Critics, including Archbishop Felix Job of Ibadan, urged Nigerian authorities to be cautious of negotiating with an extremist "faceless group" that had been involved in maiming and killing of innocent Nigerians.

Archbishop Job also criticized a Boko Haram suggestion that among its delegates to the negotiations in Saudi Arabia would be former Maj. Gen. Muhammadu Buhari, the country's military ruler from 1983 to 1985 and a presidential candidate in 2003, 2007 and 2011.

Archbishop Job told Catholic News Service by telephone: "Is it not funny that the Boko Haram group, a faceless group, has a spokesman" and is seeking "dialogue with the Nigerian government as a means of resolving the insecurity?"

"Nigerians have not been told who are the sponsors of the faceless sectarian group that had been maiming and killing innocent Nigerians over time," he said. He said he wondered if the general's nomination might be "translated into meaning that he is indirectly one of the financiers of the sect."
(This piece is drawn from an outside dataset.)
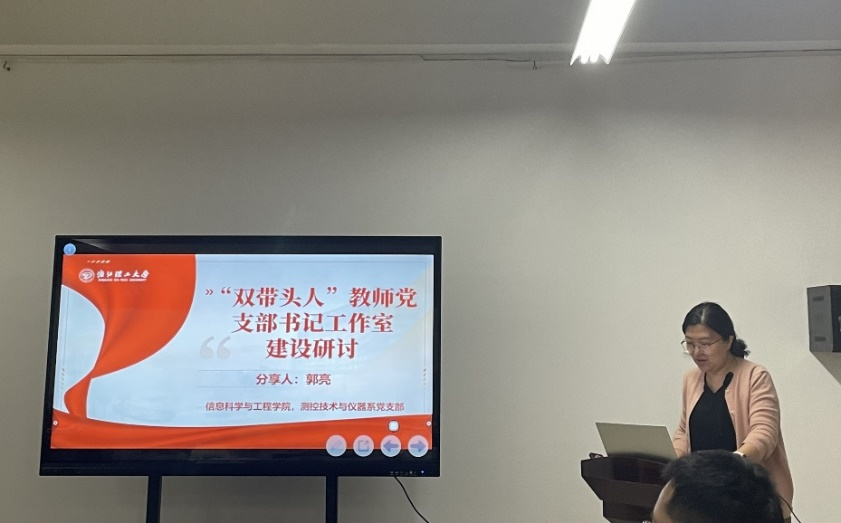 培训会邀请了学院原通信工程系“双带头人”教师党支部书记工作室负责人吴呈瑜和测控技术与仪器系“双带头人”教师党支部书记工作室负责人郭亮两位老师作专题报告。两位老师分别围绕党支部的标准化建设、党建与科研竞赛、学科建设、学生培养等方面的深度融合和主题教育开展情况进行了深入的经验分享,现场气氛热烈。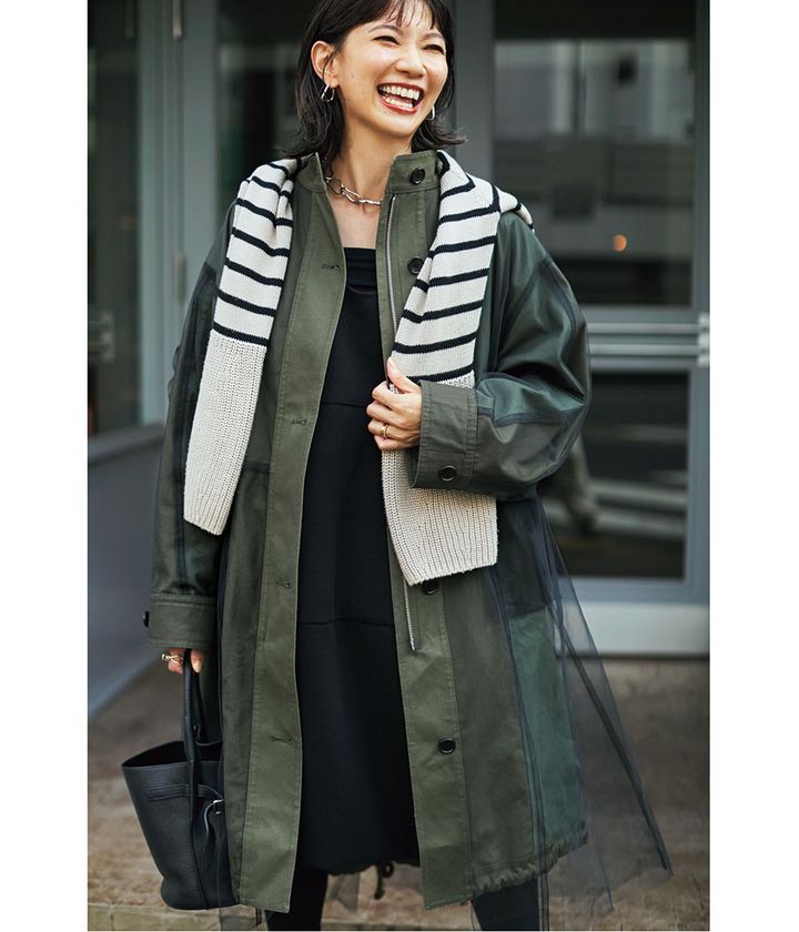 『男前なコートに甘いチュールを重ねているとこが今どき!しかもカジュアル感が抑えられてキレイめコーデにも最適。ミリタリー面を表にして裾からチュールをチラ見せしてもいい!』

Bishop M. John Goltok of Bauchi wondered why Saudi Arabia was chosen as the venue for the dialogue.

"There are a lot of complications involved in the issue,'' he said.

Among Boko Haram's targets have been Christian churches. One of the most recent attacks occurred Oct. 28 in the city of Kaduna, when a car bomb slammed into St. Rita's Catholic Church, killing at least eight people and injuring 135 -- many of them children.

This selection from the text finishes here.